[Available records]

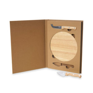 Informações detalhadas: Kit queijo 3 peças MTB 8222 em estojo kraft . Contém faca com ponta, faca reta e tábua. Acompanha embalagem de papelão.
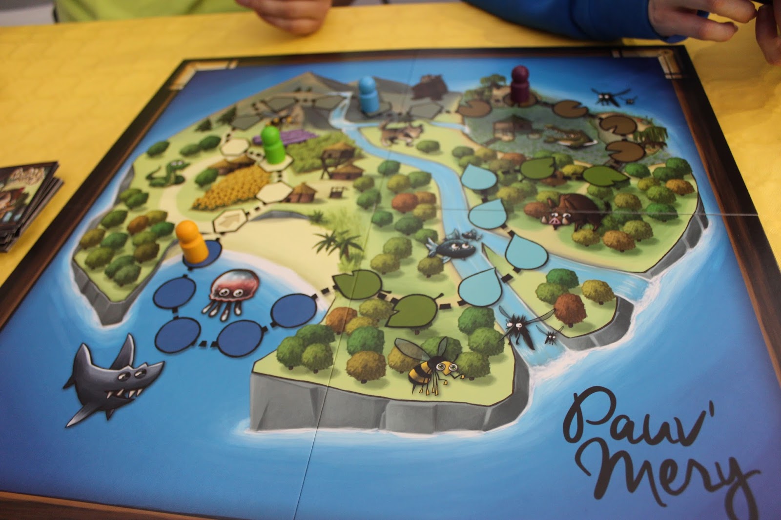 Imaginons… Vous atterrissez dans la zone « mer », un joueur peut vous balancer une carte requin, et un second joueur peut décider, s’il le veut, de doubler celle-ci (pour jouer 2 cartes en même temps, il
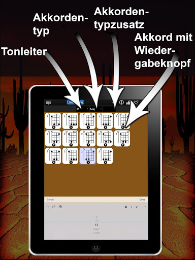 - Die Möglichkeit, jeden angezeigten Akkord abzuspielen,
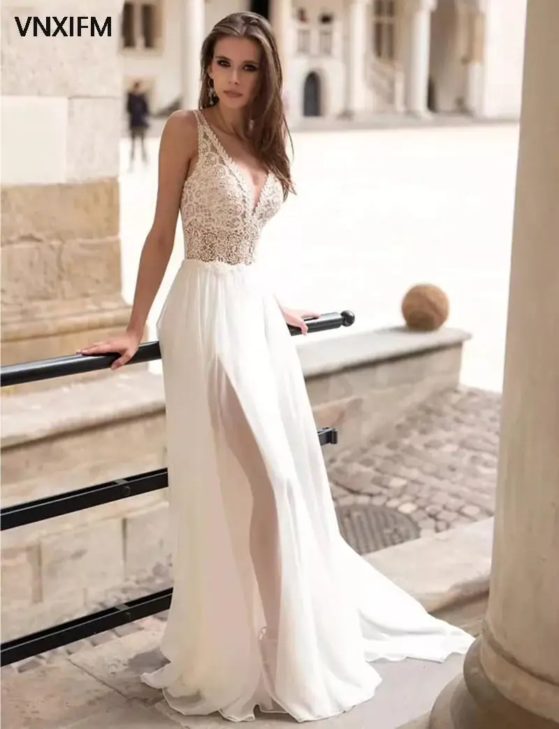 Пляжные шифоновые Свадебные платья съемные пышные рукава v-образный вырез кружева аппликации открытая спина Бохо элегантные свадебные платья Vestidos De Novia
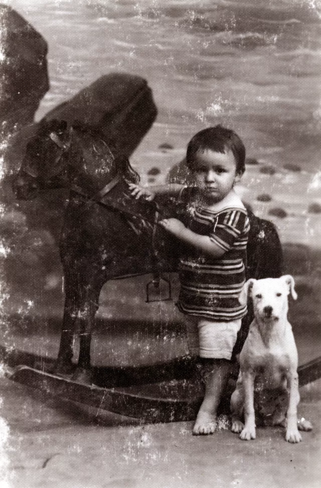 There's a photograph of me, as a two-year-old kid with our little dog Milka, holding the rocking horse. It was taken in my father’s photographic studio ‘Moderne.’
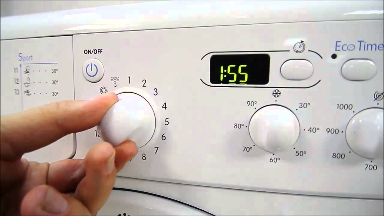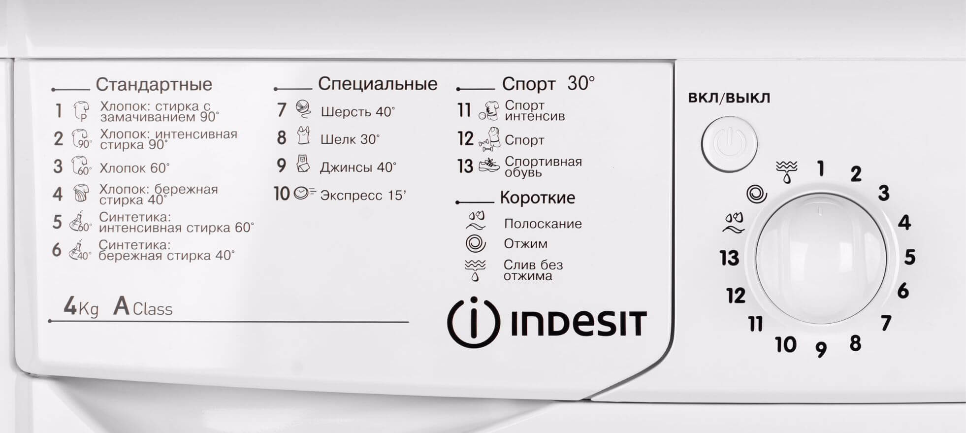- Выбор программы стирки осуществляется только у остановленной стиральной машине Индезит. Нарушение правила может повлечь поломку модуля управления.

[/Available records]
[Available records]

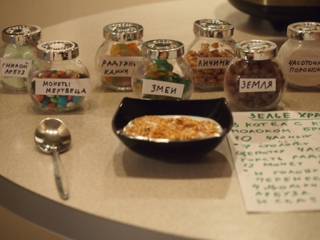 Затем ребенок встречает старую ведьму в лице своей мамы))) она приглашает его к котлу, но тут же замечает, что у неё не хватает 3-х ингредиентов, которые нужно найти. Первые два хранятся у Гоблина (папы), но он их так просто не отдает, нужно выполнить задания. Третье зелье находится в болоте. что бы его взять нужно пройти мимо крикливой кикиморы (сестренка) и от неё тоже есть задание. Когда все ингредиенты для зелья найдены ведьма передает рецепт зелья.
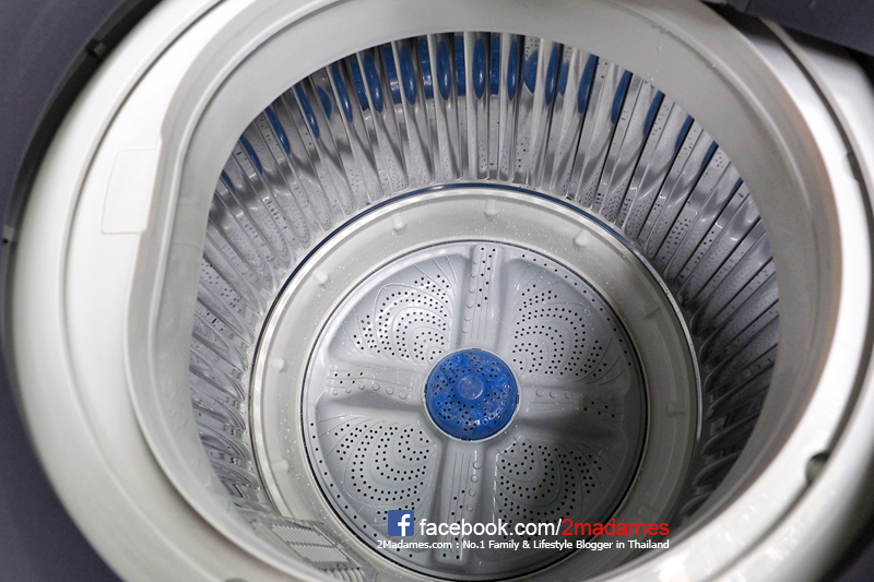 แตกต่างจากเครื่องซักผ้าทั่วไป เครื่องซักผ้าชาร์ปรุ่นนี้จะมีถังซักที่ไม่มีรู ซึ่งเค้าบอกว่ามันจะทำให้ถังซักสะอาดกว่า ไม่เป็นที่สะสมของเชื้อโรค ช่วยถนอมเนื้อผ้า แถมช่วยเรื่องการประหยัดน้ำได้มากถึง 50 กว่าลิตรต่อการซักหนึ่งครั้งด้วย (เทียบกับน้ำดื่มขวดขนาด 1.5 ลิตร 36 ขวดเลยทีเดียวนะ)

[/Available records]

→ **What the exercise asks**:
Taking the entries above, copy word for word the lines from the one with "There's a photograph" up to and including the one with "- Выбор программы", without any picture.

→ **Response to the exercise**:
 There's a photograph of me, as a two-year-old kid with our little dog Milka, holding the rocking horse. It was taken in my father’s photographic studio ‘Moderne.’
- Выбор программы стирки осуществляется только у остановленной стиральной машине Индезит. Нарушение правила может повлечь поломку модуля управления.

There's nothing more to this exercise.